La police est censée essayer d’étouffer le groupe en gardant les vivres et le carburant hors de la principale zone de protestation, bien qu’elle prenne des mesures limitées sur le terrain. Une banque a gelé ses fonds et deux sites, GoFundMe et GiveSendGo, ont arrêté leur collecte de fonds.

Mais plusieurs manifestants ont dit au Observateur que les droits pour lesquels ils se battaient valaient n’importe quel coup financier. Rebecca, qui n’a pas voulu donner son nom de famille, vit à proximité des manifestations et les a rejointes régulièrement. Elle est en congé sans solde de son emploi au gouvernement depuis des mois, après le rejet d’une demande d’exemption de vaccin pour des motifs religieux. « Je suis un militant des droits de l’homme. Je ne pense pas que les vaccins devraient être obligatoires pour que les gens gardent leur emploi. Et c’est la principale raison pour laquelle je suis ici », a-t-elle déclaré.

Ce sentiment d’une mission héroïque, également alimenté pour certaines personnes par des conspirations telles que QAnon, peut rendre ces manifestations beaucoup plus difficiles à mettre fin que les manifestations au nom de revendications politiques spécifiques.

« [They think] « Nous sommes ici pour vous sauver, nous sommes ici pour réveiller les masses endormies à la vraie réalité de ce qui se passe. » Ils sont devenus des héros dans leur propre histoire », a déclaré Amarnath Amarasingam, professeur agrégé à l’Université Queen’s en Ontario, spécialisé dans les mouvements sociaux et l’extrémisme.

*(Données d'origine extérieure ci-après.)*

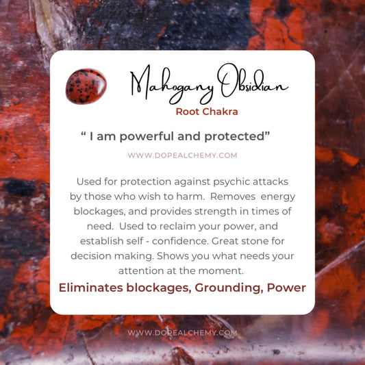Mahognay Obsidian is a perfect meditation tool for anyone working to release negative energies and stimulate growth on all levels. This stone works on cleansing ones aura and providing protection from future incoming vibrations that may cause one distress or discomfort. Gives strength in the time of need. It helps to balance the yin-yang energy of the body and works within the solar plexus to boost your personal power. Mahogany Obsidian is helpful to use to shield you from psychic attack and help to remove psychic implants. They also have a strong grounding energy, helping to open and cleanse your grounding channel. Helps to heal ancestral wounding that can be present from being part of a historically oppressed or traumatized group.

« Je ne pense pas que ce soit un défi pour des raisons de sécurité du point de vue du terrorisme … Mais je pense que cela a un impact sur la durée de cette décision, car ce n’est pas simplement quelque chose avec lequel vous pouvez négocier et dire: » OK, les mandats vont disparaître ‘ ou ‘ça va passer, tu peux rentrer chez toi maintenant.’ »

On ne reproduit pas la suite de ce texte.